Two major accidents in the past month have highlighted the need for both pedestrians and drivers to be more aware of each other.
Carson Sheriff Kenny Furlong said Michael Shields was killed Nov. 11 when he was struck by a motorcycle crossing Stewart Street at Telegraph Street. The motorcyclist was taken to Renown Hospital in critical condition.
Then just this past Tuesday, Augustine Medina-Naranjo was seriously injured while crossing north Carson Street at Adams Street.
And Furlong said those are far from the only pedestrian accidents the capital has seen recently. He said there have been numerous accidents where some one was less seriously injured or escaped injury including his own grandson who was hit while on his bicycle.
He said the problem is nothing new, that two pedestrians also were killed in the past 18 months crossing Highway 50 East.
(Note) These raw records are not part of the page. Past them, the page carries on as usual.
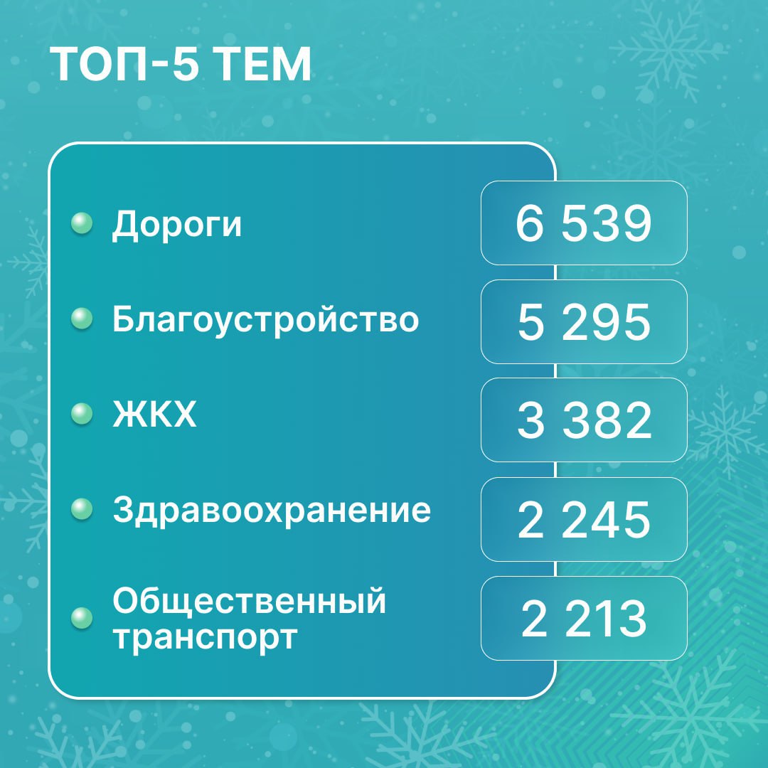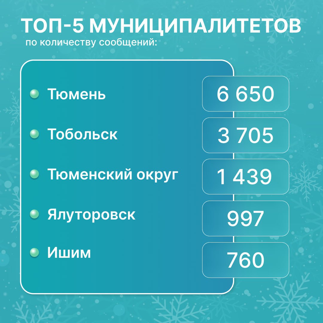 В топ-5 тем, по которым обращались жители, - дороги, благоустройство, ЖКХ, здравоохранение, общественный транспорт. Больше всего сообщений поступило из Тюмени, Тобольска, Тюменского округа, Ялуторовска и Ишима.
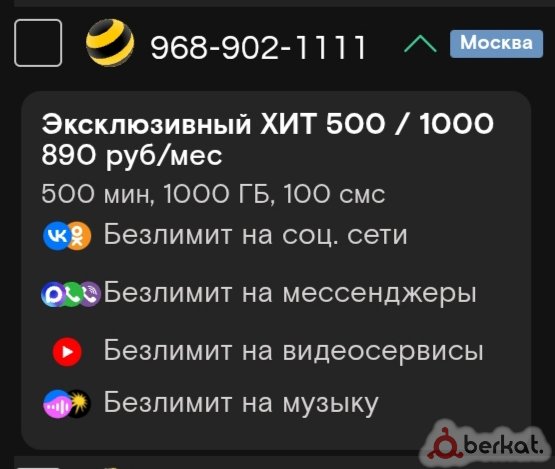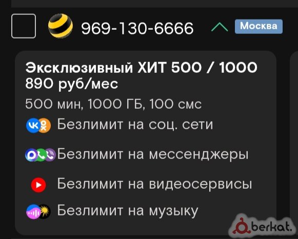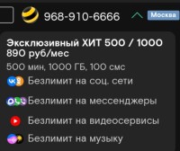 320 ₽/мес 2500 минут Безлимитный интернет Обращаться/писать на номер 9656969966
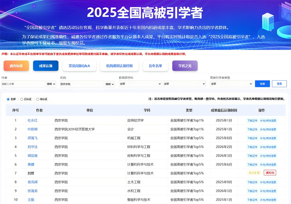本次入选的两位学者,长期聚焦本学科前沿研究,在高水平期刊发表系列标志性成果,论文被引与学术贡献位居全国前列,研究成果对学科发展与行业实践形成重要支撑。
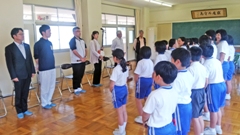 26日(日)の能登麦屋節全国大会に向け,昼休み,4~6年生の参加児童23名が,20日に引き続いての練習を行いました。この日は,いつもの能登麦屋節保存会の井上会長,門前支所の池腰課長,時峯主事の他,本番で演奏してくださる方々3名(太鼓の中田一郎さん,尺八の川島大和さん,三味線の高﨑京子さん)がおいでになり,児童の唄を盛り上げてくださいました。おかげで児童たちは,限りなく本番に近い練習ができ,自信をもつことができました。おいでくださった皆さん,ありがとうございました。さあ,いよいよ全国大会です。保護者・地域の皆さん,是非観に来てください。
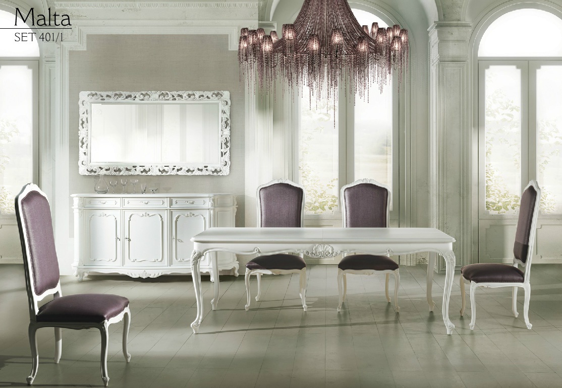 Dining room set for Malta from the Italian manufacturer Angelo Cappellini. Set consists of dining table, sideboard, chairs and mirrors. The rectangular table is made of wood and decorated with handmade carving. Chairs with high back made of wood, and the upholstery is available from textiles. A snack bar is made with three hinged doors and drawers. Figural carved legs. Set complements the large wall mirror of rectangular form, placed in a carved frame. Set is made in a classic style.
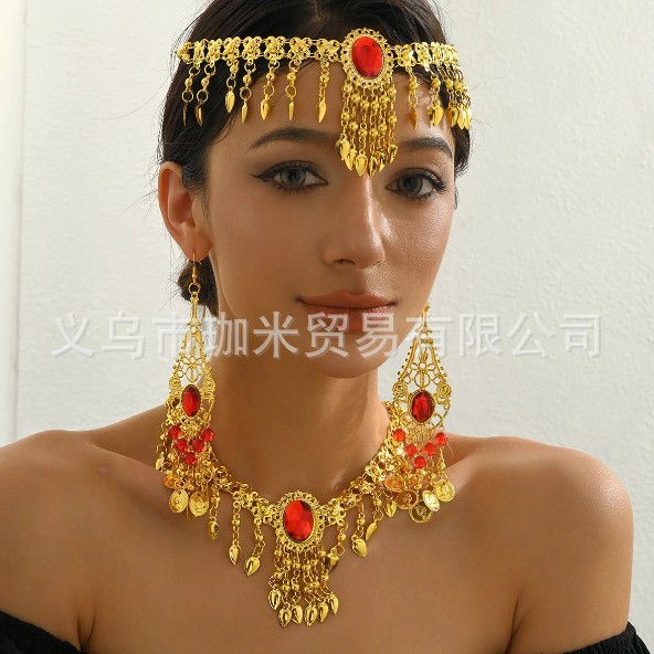 Ethnic Style Belly Dance Ruby Necklace Headband Earrings Indian Dance Accessories Set Heavy Industry High-End Design
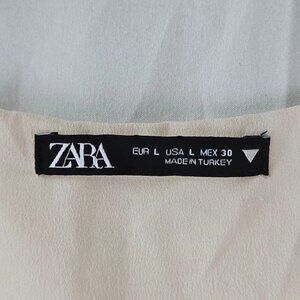 The Zara Pink Ditsy Floral Smocked V-Neck Mini Dress in size Large is a stylish and feminine piece perfect for a party or cocktail occasion. Featuring a beautiful floral pattern in a vibrant pink color, this dress has a V-neck and balloon sleeves for added flair. Made from viscose material with a rayon fabric type, it has a zip closure and is designed with smocked details, giving it a trendy and unique look. Ideal for the summer and spring seasons, this mini dress embodies a Barbie-inspired charm with its daisy and blue character accents.
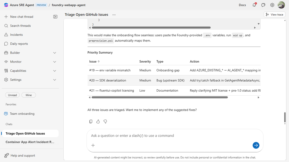 Confirmed, medium severity. The agent traced the problem to metadata handling in AgentFrameworkService.cs and suggested a safe fallback path. - Issue #19, Create Preview experience from AI Foundry is incomplete
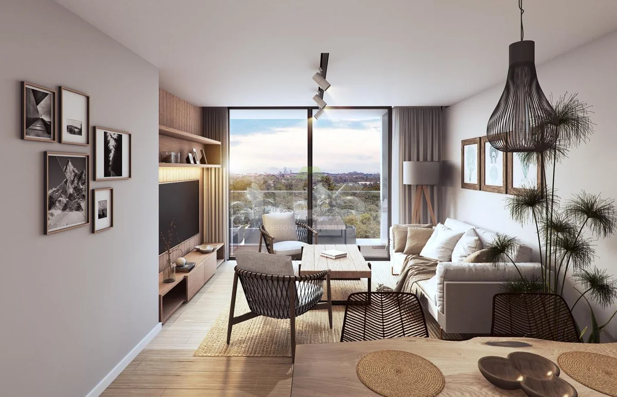Living-comedor ocn cocina integrada mediante barra, baño y dormitorio.
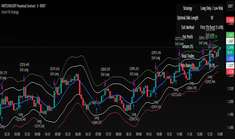 This advanced trading strategy combines the power of adaptive SMA entries with Fibonacci-based exit levels to create a comprehensive trend-following system that self-optimizes based on historical market conditions. Credit goes to Julien_Eche who created the "Best SMA Finder" which received an Editors Pick award.
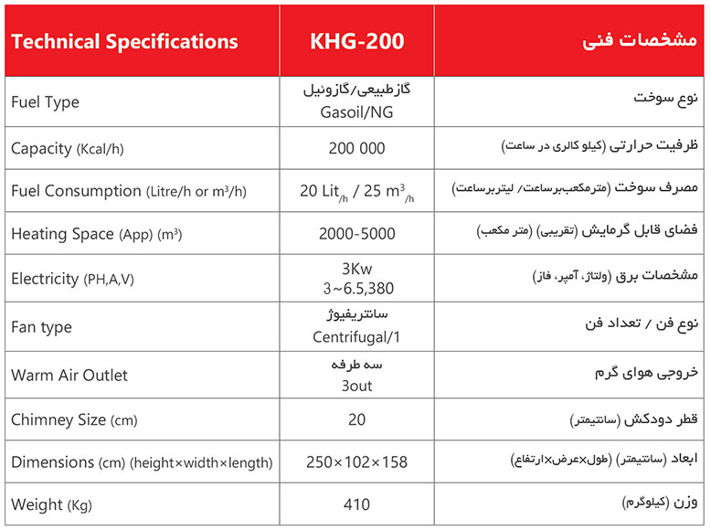 کوره هوای گرم KHG-200 ، دستگاه گرمایشی است که از طریق الکتروفن دمنده ای
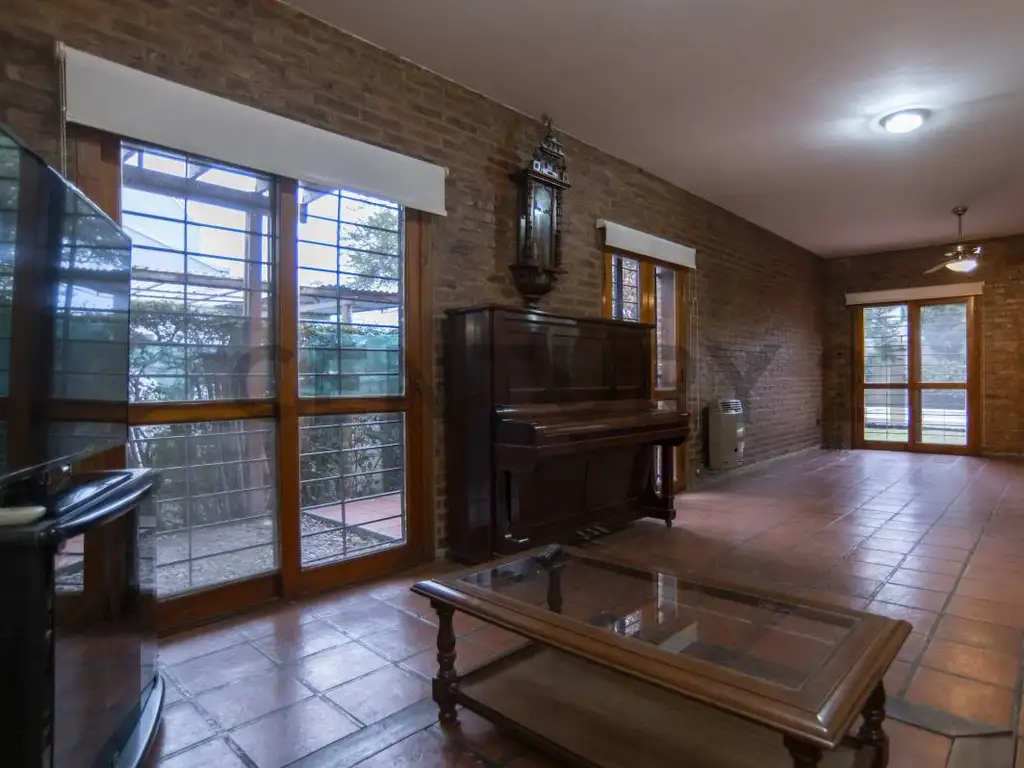 En planta alta tres dormitorios (dos de ellos con placard). Baño completo con jacuzzi. Calefacción central frío-calor. Aberturas de madera. Parque con parrilla y Pileta. Cochera pasante para dos autos.

In those two cases, he said, they were crossing the highway at night and not in a crosswalk.
Furlong said the problem seems to be getting worse in the capital.
“I don’t find maliciousness in these drivers,” he said.
He said pedestrians are difficult to see whether it’s in lit areas like Adams Street or dark areas like Stewart.
“Both were in very light traffic and when we have that, drivers tend not to pay as good attention,” he said. “The pedestrian feels safer because there’s not that much traffic and the drivers are on autopilot.”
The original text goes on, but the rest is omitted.